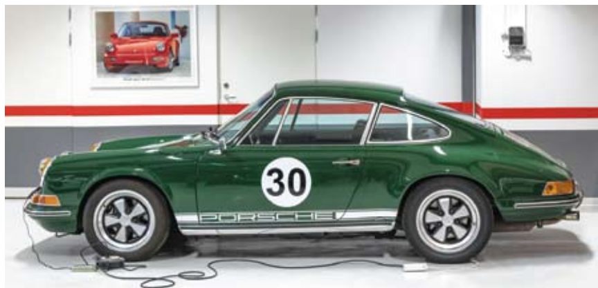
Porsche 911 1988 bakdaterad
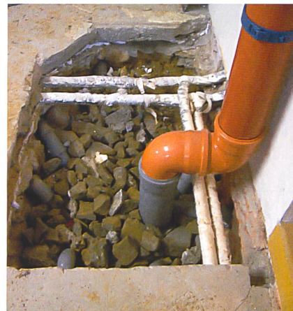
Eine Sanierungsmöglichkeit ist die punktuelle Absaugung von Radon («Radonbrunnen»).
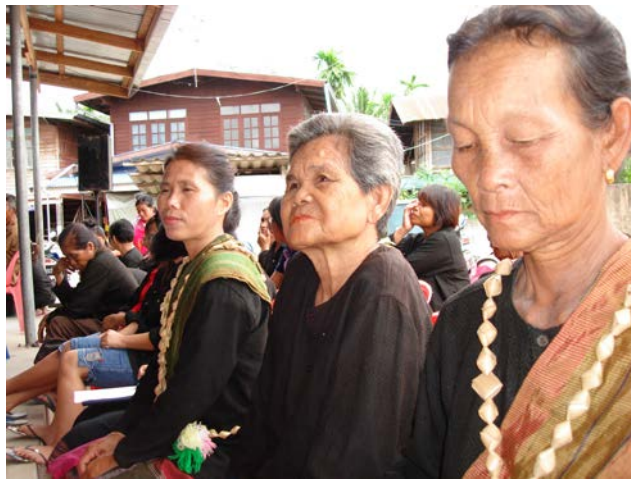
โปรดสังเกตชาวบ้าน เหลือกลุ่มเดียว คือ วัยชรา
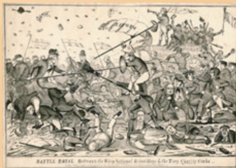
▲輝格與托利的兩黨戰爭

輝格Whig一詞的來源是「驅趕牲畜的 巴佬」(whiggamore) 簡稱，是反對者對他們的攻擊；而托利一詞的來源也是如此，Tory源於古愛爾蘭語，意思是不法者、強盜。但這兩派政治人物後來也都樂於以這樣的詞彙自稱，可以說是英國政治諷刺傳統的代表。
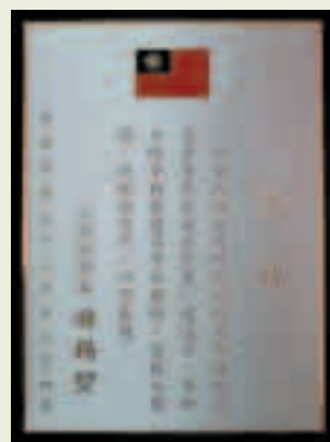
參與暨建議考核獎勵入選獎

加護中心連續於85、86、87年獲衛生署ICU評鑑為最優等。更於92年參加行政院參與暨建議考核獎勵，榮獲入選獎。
• • • • • • •
## Exercise brief
Restate word for word the lines from the one holding "參與暨建議考核獎勵入選獎" through the last line of the listing, omitting every earlier line.

## Expected answer
參與暨建議考核獎勵入選獎

加護中心連續於85、86、87年獲衛生署ICU評鑑為最優等。更於92年參加行政院參與暨建議考核獎勵，榮獲入選獎。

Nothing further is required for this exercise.